You could do this in linear time; see Boyer and Moore's Voting Algorithm
http://www.cs.utexas.edu/users/moore/best-ideas/mjrty/index.html

#include <iostream>

int candidate_element( const int *array, int N )
{
    int count = 1 ;
    int curr_candidate = 0 ;

    for( int i = 1 ; i < N ; ++i )
    {
        if( array[i] == array[curr_candidate] ) ++count ;
        else --count ;

        if( count == 0 )
        {
            curr_candidate = i ;
            count = 1 ;
        }

    }
    return array[curr_candidate] ;
}

bool is_majority_element( const int *array, int N, int candidate )
{
  int cnt = 0 ;
  for( int i = 0 ; i < N ; ++i )
      if( array[i] == candidate ) ++cnt ;
  return cnt > N/2 ;
}


int main()
{
    int array[] = {2,3,2,2,4,2,2,2,4,4,4,4,4,4,2,2,2} ;
    enum { N = sizeof(array)/sizeof(*array) } ;

    int candidate = candidate_element( array, N ) ;

    if( is_majority_element( array, N, candidate ) )
        std::cout << "majority element: " << candidate << '\n' ;
    else
        std::cout << "there is no majority element\n" ;
}

Thanks for your reply & help, vijayan121.
Solution that you posted is very good and interesting, but like i said, the algorithm has to have O(n log n) time complexity.

Any (other) ideas vijayan121? (please look at my above code - it would be very nice if someone could make it work because I'm kinda lost)

Thanks again!

> like i said, the algorithm has to have O(n log n) time complexity

Well, the Boyer and Moore's Voting Algorithm has a lower O(n) time complexity, clearly O(n) is better than O(n log n), isn't it?

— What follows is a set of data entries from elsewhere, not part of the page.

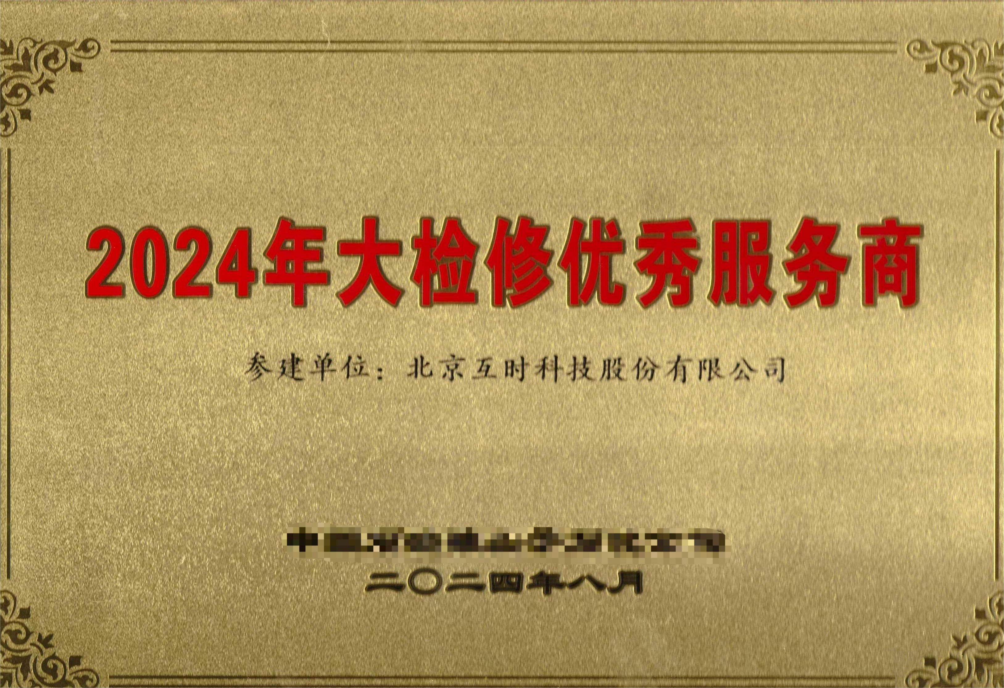 某石化企业是我国西部地区重要的油气引进、储运、加工战略枢纽,也是全国唯一一家入选国务院国资委“创建世界一流专业领军示范企业”的炼化企业。今年八月,在该企业年度大检修表彰大会上,互时科技凭借卓越的产品功能和优秀的服务意识,荣获该企业颁发的“2024年大检修优秀服务商”荣誉。
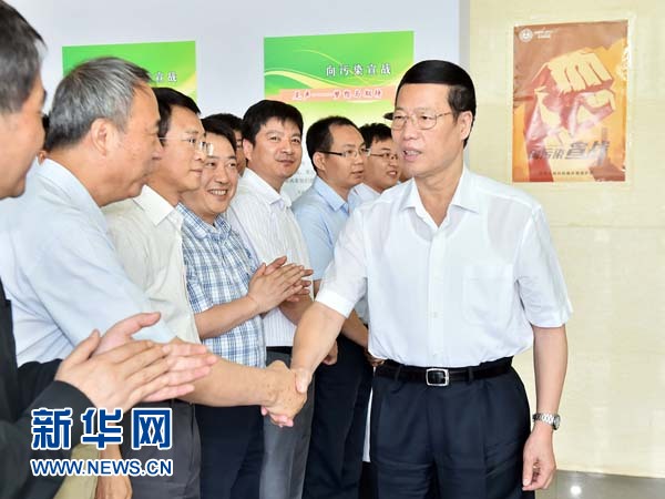 ????新華網(wǎng)北京6月5日電? 6月5日是世界環(huán)境日,中共中央政治局常委、國務(wù)院副總理張高麗上午到中國環(huán)境科學(xué)研究院和中國環(huán)境監(jiān)測(cè)總站調(diào)研環(huán)保科技工作,看望一線科技工作者,并主持召開院士專家座談會(huì)。他強(qiáng)調(diào),要認(rèn)真學(xué)習(xí)貫徹習(xí)近平總書記系列重要講話精神,堅(jiān)持環(huán)境保護(hù)基本國策,堅(jiān)持保護(hù)優(yōu)先,在保護(hù)中發(fā)展,在發(fā)展中保護(hù),以對(duì)人民群眾、對(duì)子孫后代高度負(fù)責(zé)的態(tài)度,科學(xué)系統(tǒng)謀劃推動(dòng)環(huán)保工作,堅(jiān)決向污染宣戰(zhàn),下決心把環(huán)境污染治理好、把生態(tài)環(huán)境建設(shè)好,推進(jìn)生產(chǎn)方式、生活方式和消費(fèi)模式的綠色轉(zhuǎn)型。
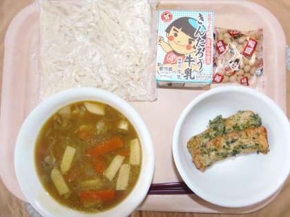 給食 2月2日(金) 公開日 2018/02/02 更新日 2018/02/02 できごと 今日の献立は、カレーなんばんうどん、ちくわのいそべあげ、福豆です。明日は、節分ということで福豆が出ました。6年生の12歳まで数えて食べられるように、個包装の袋の中にはどれも12粒以上入っています。ちくわのいそべあげに使用するちくわは鈴廣さんのちくわなので、弾力があり大きいちくわです。カレーなんばんうどんは、でんぷんを多くして冷めないようにとろみをつけました。 いいね(0)
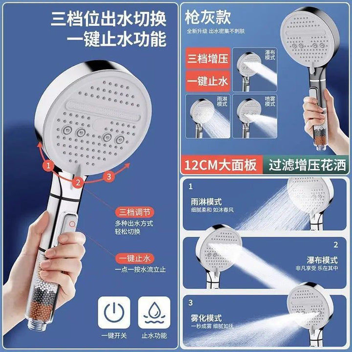 Large panel five-speed pressurized nozzle water heater Yuba spray pressurized household bath bath handheld shower
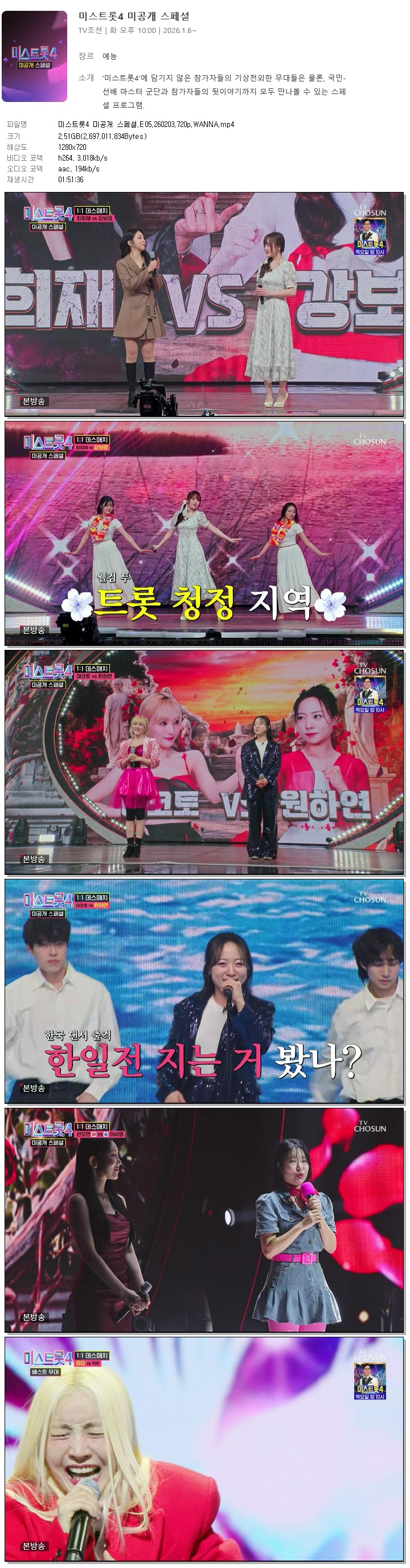 [TV조선] 미스트롯4 미공개 스페셜.E05.260203.720p.WANNA[장윤정, 장민호].mp4
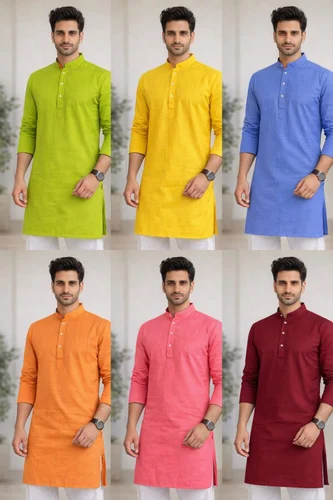 PARTY WEAR PLAIN COTTON LINEN KURTA PAJAMA FOR MENS
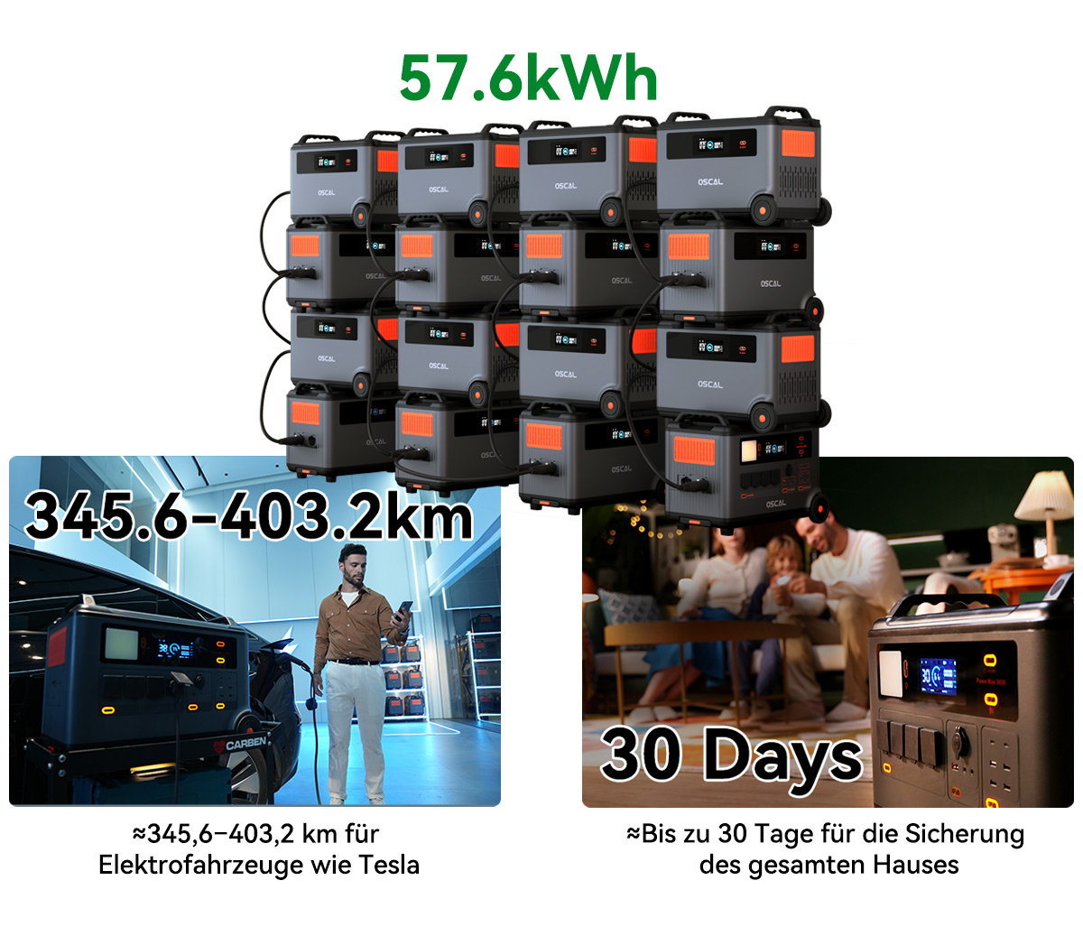 Lithium-Akkuladepaket: Bis zu 15 Einheiten, die Gesamtkapazität beträgt 16*3,6 kWh=57,6 kWh

Your algorithm has the right idea, it is a classic divide-and-conquer algorithm:

function majority( array A with number_of_elements N )
  if N == 1 : return A[0]
  let AL, AR be the first and second halves of A
  let ML = majority(AL)
  let MR = majority(AR)
  if neither half has a majority: return ‘‘no majority’’
  else:
       check whether either ML or MR is a majority element of A
       if so: return that element
       else: return ‘‘no majority’’

The idea is:
If A has a majority element X, then X appears more than N/2 times in A
Thus X appears more than N/4 times in either AL or AR.
So X must also be a majority element of either one or both of these two arrays.
Running time T(N) = 2 * T(N/2) + O(N) = O(N log N).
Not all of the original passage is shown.